Abstract
A low cost three-dimensional (3D) printed clear plastic microfluidic device was fabricated for fast, low cost automated protein detection. The unibody device features three reagent reservoirs, an efficient 3D network for passive mixing, and an optically transparent detection chamber housing a glass capture antibody array for measuring chemiluminescence output with a CCD camera. Sandwich type assays were built onto the glass arrays using a multi-labeled detection antibody-polyHRP (HRP = horseradish peroxidase). Total assay time was ~30 min in a complete automated assay employing a programmable syringe pump so that the protocol required minimal operator intervention. The device was used for multiplexed detection of prostate cancer biomarker proteins prostate specific antigen (PSA) and platelet factor 4 (PF-4). Detection limits of 0.5 pg mL−1 were achieved for these proteins in diluted serum with log dynamic ranges of four orders of magnitude. Good accuracy vs ELISA was validated by analyzing human serum samples. This prototype device holds good promise for further development as a point-of-care cancer diagnostics tool.
Introduction
Three-dimensional (3D) printing is a simple, attractive route for prototyping and fabricating bioanalytical devices that require many modifications along the road to optimization. Fabrication of objects is typically achieved by uploading a computer-aid design (CAD) to the printer, which will construct the desired object layer-by-layer based on “sliced” CAD models.1,2 Recently, 3D printers have become relatively inexpensive due to advances in technology and market competition. Researchers have applied these unique tools to develop microfluidic devices without the need for high end lithography.2–4 While 3D-printer resolution cannot yet rival that of lithography, perfectly functional microfluidic devices can be developed rapidly due to 3D-pritning’s rapid prototyping capability.5,6,7
Stereolithography (SLA) is a 3D printing method that provides low surface roughness8 using acrylate-based resin, an optical transparent plastic.9 SLA prints objects using a laser or digital light processing (DLP) projector to photocure liquid polymer precursor.1–3 A low cost desktop 3D printer with ~300 µm feature resolution can be used to fabricate highly transparent devices after appropriate processing.4,10 Fused deposition modeling (FDM) is an alternative to SLA that print objects by forcing a molten thermoplastic through a heated nozzle onto a moving platform. While the FDM generally cost less than SLA, SLA is superior in terms of resolution, smoother surface finish, and the ability to print transparent objects (Table S1).

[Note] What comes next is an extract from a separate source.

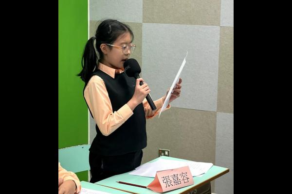 12月8日下午,5A張嘉容、 5A金正宇、 5B敖俊鋒、6A陳力勤以及6C魏詩伶同學代表我校出席成都市天涯石小學逸景分校主辦的朗誦比賽線上活動,並在該活動中擔任評委。
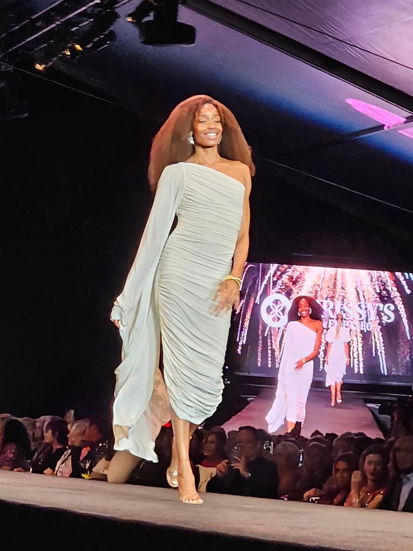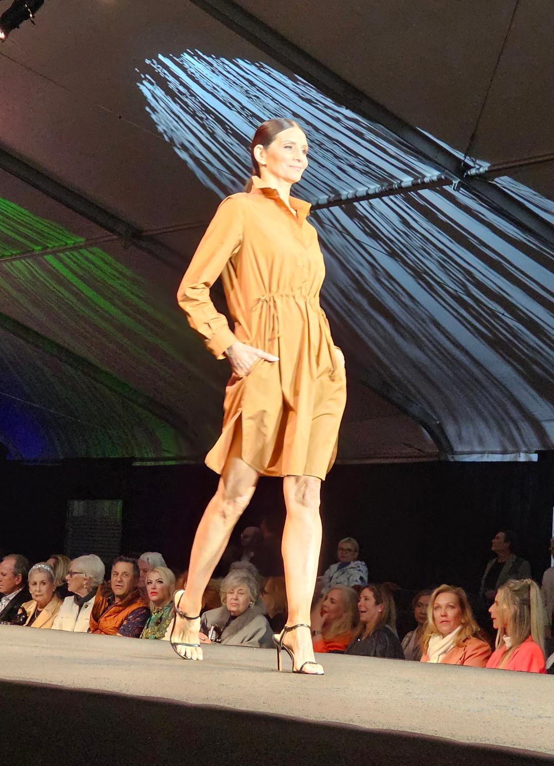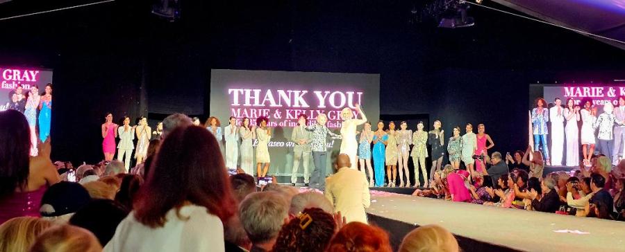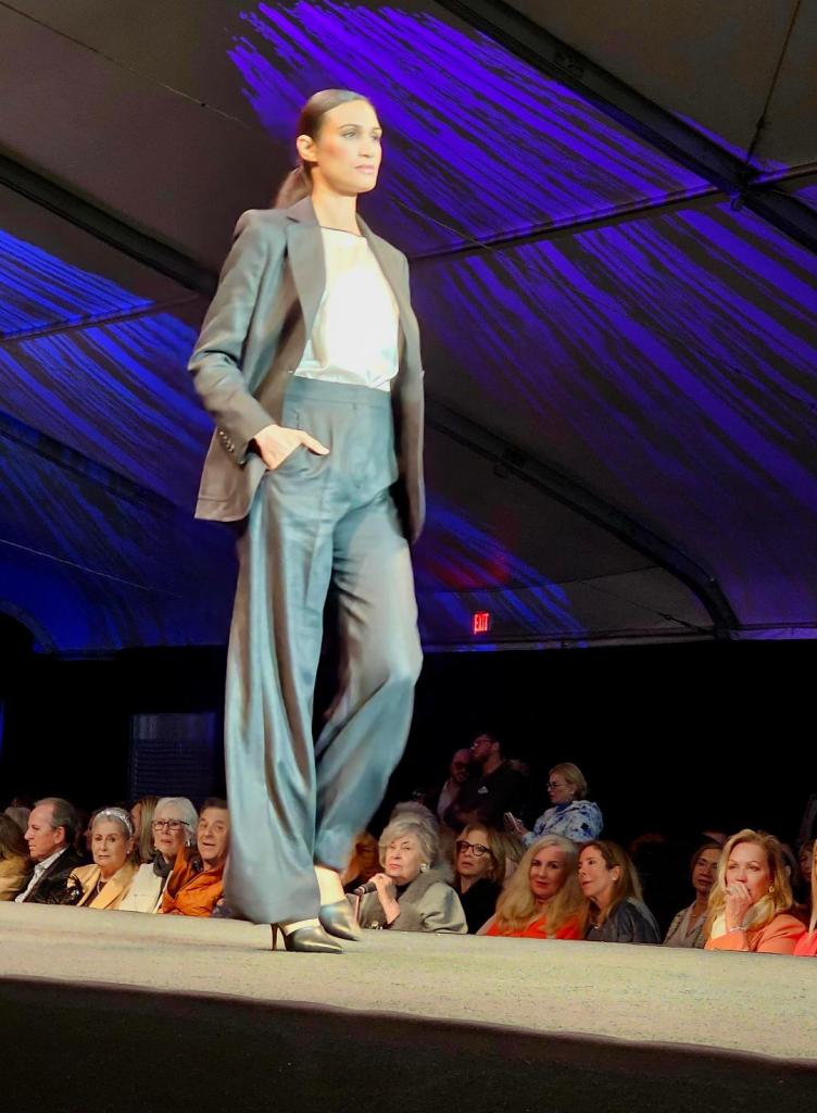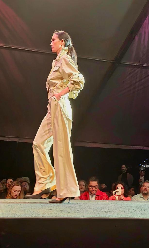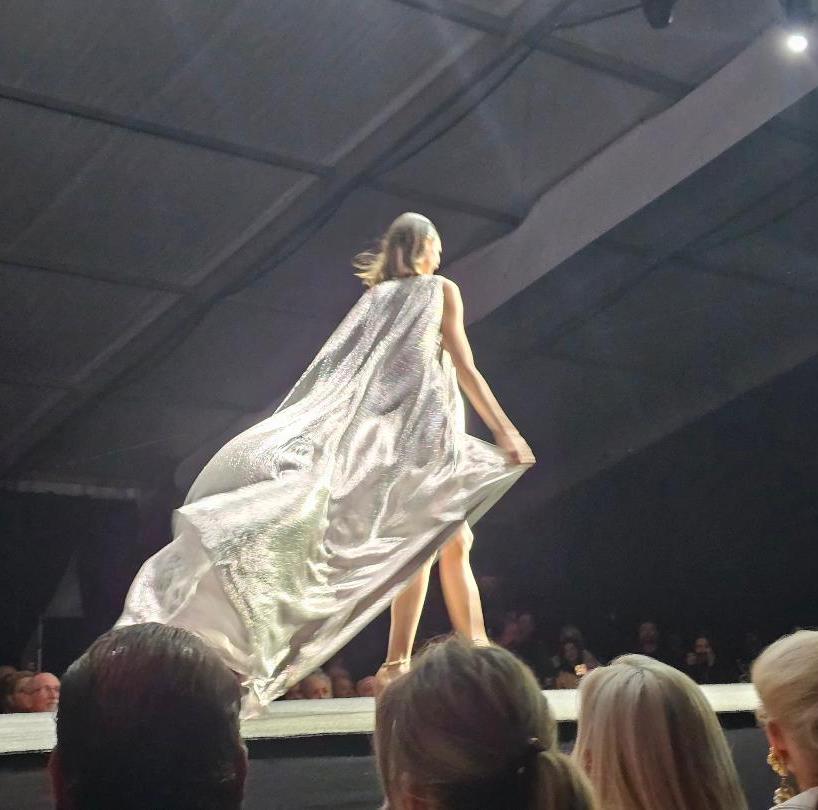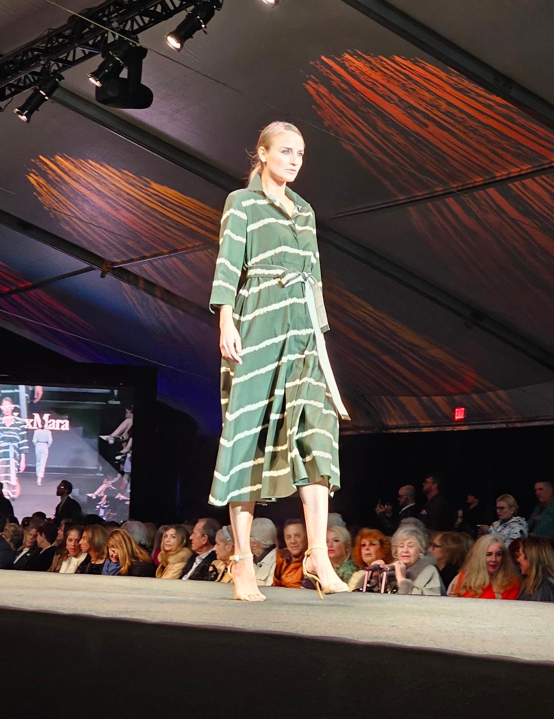 Fashion Week El Paseo, Palm Springs: In contrast, the Palm Springs show celebrated Cardin’s legacy with a mix of archival Héritage pieces and the Spring 2025 collection. The event had a more nostalgic and community-focused vibe, benefiting local non profits like Shay’s Warriors. It included a special collection, Caftanes Galore of Mérida, crafted from vintage Pierre Cardin scarves, blending retro and modern styles. The desert setting added a unique charm, with models showcasing vibrant, flowy designs under the white tent. Jewelry by Stephanie Lake. Benefiting Shay’s Warriors – Life After Cancer.

Examples of analytical device fabrication by 3D printing2 include devices for monitoring metal ions,11 for cellphone-based food allergen and albumin assays,12,13 for bacteria detection14, and for proteins.15 We recently utilized a SLA printer to fabricate a clear plastic flow sensor cell to measure DNA by electrochemiluminescence (ECL),10 and 3D-printed a supercapacitor-powered electrochemiluminescent (ECL) immunoarray for multiplexed detection of 3 cancer biomarker proteins at fg mL−1 levels.16
Elevated levels of proteins in blood have great potential as biomarkers for early cancer detection and personalized therapy.17–23 Enzyme-linked immunosorbent assays (ELISA) have long served as the gold standard for clinical protein measurements.23,24 Newer commercial techniques such as bead-based optical or electrochemiluminescent (ECL) methods hold great promise for high throughput and multiplexed assays.25–28 Simoa, an advanced nanowell technology for protein detection, has sensitivity in the fg mL−1 range.29 However, reliable lower cost analytical devices are still needed for automated, multiplexed, highly sensitive, and equipped with broad dynamic range for clinical protein detection. Immunoarray devices have been reported that measure small numbers of proteins with accuracy, reliability and in some cases automation.30–35 We developed an amperometric microfluidic system to measure up to four cancer biomarker proteins in serum down to levels 5 fg mL−1.36–38 We also developed ECL arrays with antibody-coated Ru(bpy)32+ doped silica nanoparticles for ultrasensitive automated detection of up to four biomarker proteins as well as 3D-printed gravity flow system.16 Nonetheless, further automation is needed to decrease operator errors and simplify assay protocols while keeping overall cost low.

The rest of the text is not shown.